§ **Work to complete**
Copy the records below in full, keeping each word as it is but omitting the pictures.

§ **Excerpted records**
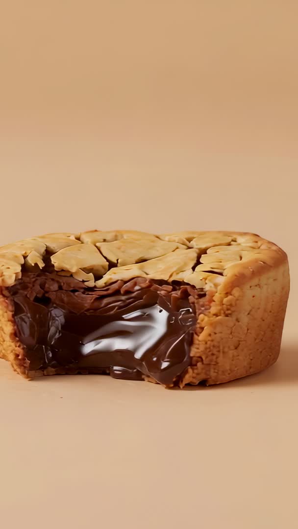 AI Generated Video. Vertical video showing round chocolate ganache tart being sliced, glossy molten chocolate oozing out while crumbs settle on warm beige background. Close-up framing and vertical orientation making footage ideal for mobile-first platforms and short-form recipe reels. Footage working well for dessert advertising, bakery branding, menu hero shots, packaging mockups, culinary blogs and social media campaigns. Slow-motion cut or macro crop enhancing texture of glossy filling and crumbly crust while leaving upper negative space free for text overlay or logo. Color palette featuring warm beige and rich brown matching premium, cozy, indulgent brand messaging. Use with recipe voiceover, ambient bite sound or slow instrumental for ASMR-driven content; pair with simple sans-serif typography and bold call-to-action.
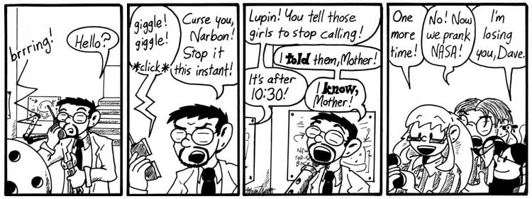 The ubiquitous Narbonics Labs couch is based on the couch in the house I shared with three people in college, back when I first started writing Narbonic. For the record, it’s blue.
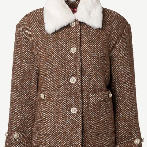 Herta Jacket fra Custommade i nydelig brunfarge med krystallknapper og avtagbar "pels" krage. Trendy og kul jakke i ullblanding, så den er også varm. Avslappet passform, hoftelengde. Lommer foran. Helforet. Bildene er lånt og modellen er 175 cm og har på seg størrelse XS. Den som selges er str 38 - normal i str. Laget av 49% Ull 24% Polyester 27% Akryl.
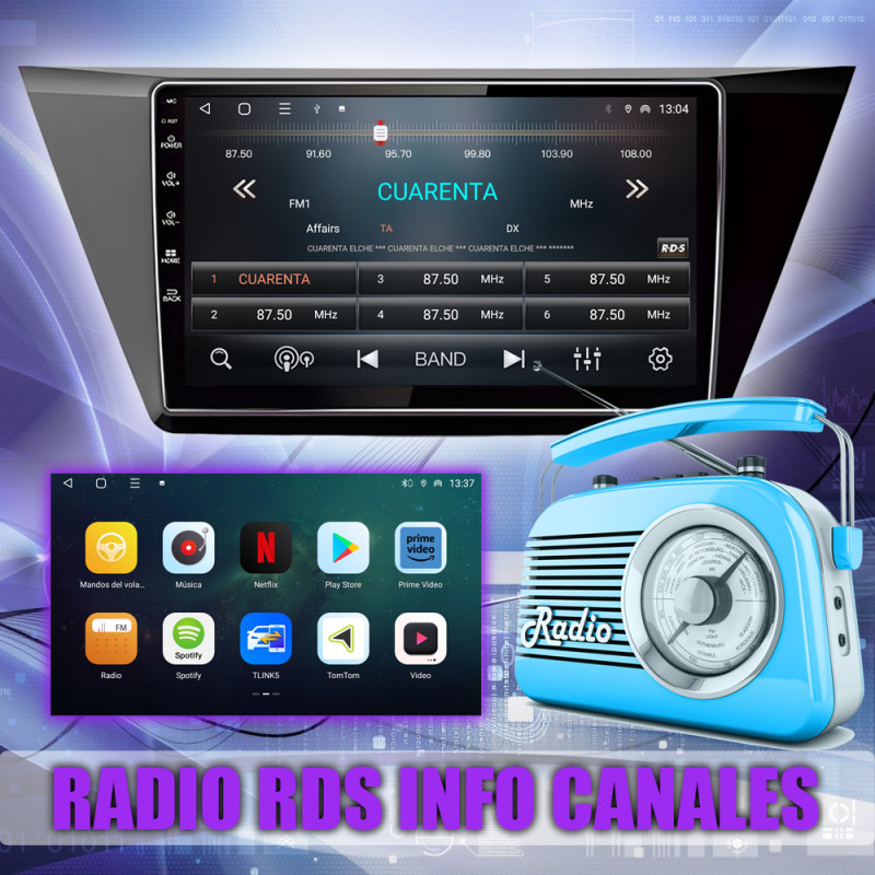 Radio FM con RDS, muestra nombres de emisoras y datos adicionales.
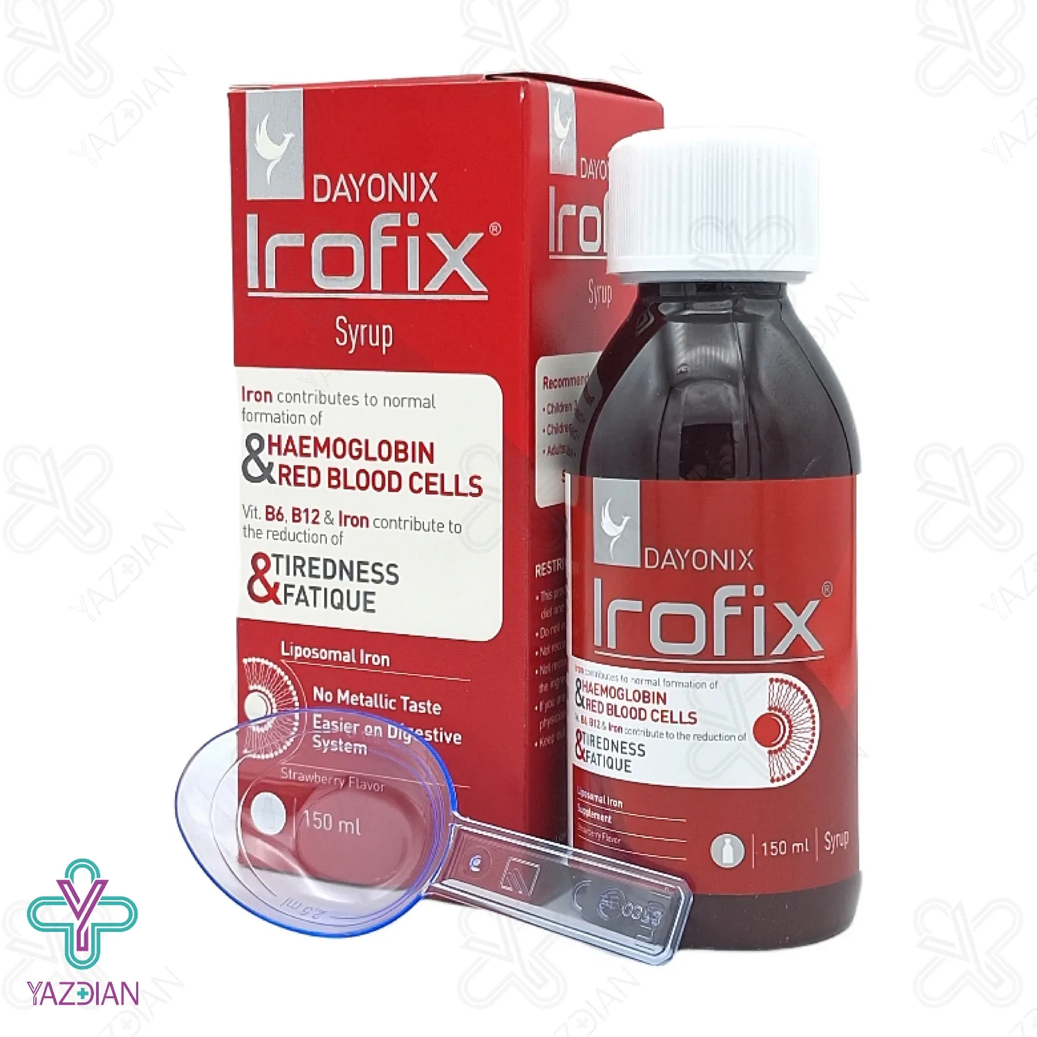شربت آهن آیروفکس دایونکس فارما یک نوع مکمل غذایی که به عنوان دارو برای کم خونی کودکان مورد استفاده قرار می گیرد و حاوی آهن لیپوزومال، ویتامین B12 و B6 و اسید فولیک است. این شربت به عنوان یک منبع غنی آهن برای افرادی که به دنبال افزایش سطح آهن در بدن خود هستند، توصیه میشود.
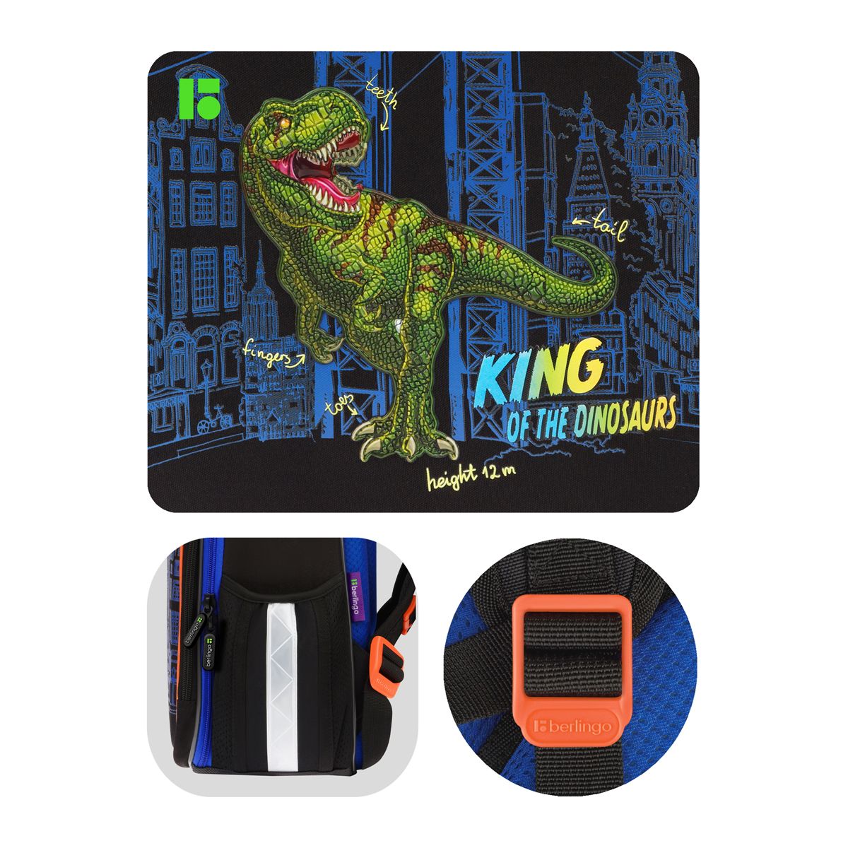 Ранец Berlingo Expert Plus "T-Rex style" 37*28*16см, 2 отделения, 2 кармана, анатомическая спинка
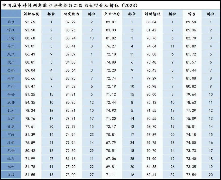 一、城市發(fā)展活力與科技創(chuàng)新能力
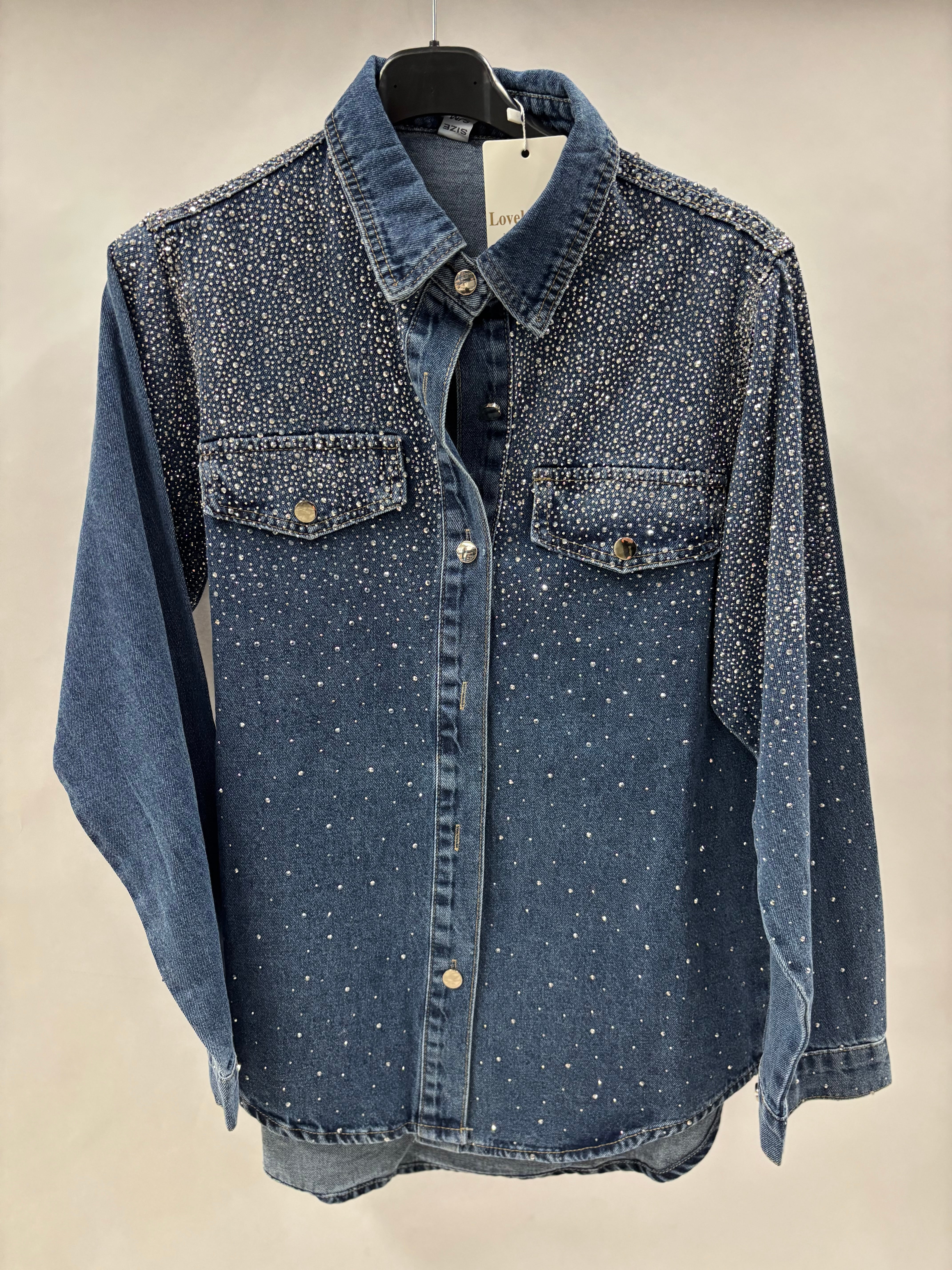 Tilføj et cool og iøjnefaldende touch til din garderobe med denne denim/cowboyjakke med skjortelook og bling. Den lette, skjorteagtige pasform giver et afslappet udtryk, mens de glitrende bling-detaljer tilfører et moderne og glamorøst twist.

§ **Response to the exercise**
 AI Generated Video. Vertical video showing round chocolate ganache tart being sliced, glossy molten chocolate oozing out while crumbs settle on warm beige background. Close-up framing and vertical orientation making footage ideal for mobile-first platforms and short-form recipe reels. Footage working well for dessert advertising, bakery branding, menu hero shots, packaging mockups, culinary blogs and social media campaigns. Slow-motion cut or macro crop enhancing texture of glossy filling and crumbly crust while leaving upper negative space free for text overlay or logo. Color palette featuring warm beige and rich brown matching premium, cozy, indulgent brand messaging. Use with recipe voiceover, ambient bite sound or slow instrumental for ASMR-driven content; pair with simple sans-serif typography and bold call-to-action.
 The ubiquitous Narbonics Labs couch is based on the couch in the house I shared with three people in college, back when I first started writing Narbonic. For the record, it’s blue.
 Herta Jacket fra Custommade i nydelig brunfarge med krystallknapper og avtagbar "pels" krage. Trendy og kul jakke i ullblanding, så den er også varm. Avslappet passform, hoftelengde. Lommer foran. Helforet. Bildene er lånt og modellen er 175 cm og har på seg størrelse XS. Den som selges er str 38 - normal i str. Laget av 49% Ull 24% Polyester 27% Akryl.
 Radio FM con RDS, muestra nombres de emisoras y datos adicionales.
شربت آهن آیروفکس دایونکس فارما یک نوع مکمل غذایی که به عنوان دارو برای کم خونی کودکان مورد استفاده قرار می گیرد و حاوی آهن لیپوزومال، ویتامین B12 و B6 و اسید فولیک است. این شربت به عنوان یک منبع غنی آهن برای افرادی که به دنبال افزایش سطح آهن در بدن خود هستند، توصیه میشود.
 Ранец Berlingo Expert Plus "T-Rex style" 37*28*16см, 2 отделения, 2 кармана, анатомическая спинка
 一、城市發(fā)展活力與科技創(chuàng)新能力
 Tilføj et cool og iøjnefaldende touch til din garderobe med denne denim/cowboyjakke med skjortelook og bling. Den lette, skjorteagtige pasform giver et afslappet udtryk, mens de glitrende bling-detaljer tilfører et moderne og glamorøst twist.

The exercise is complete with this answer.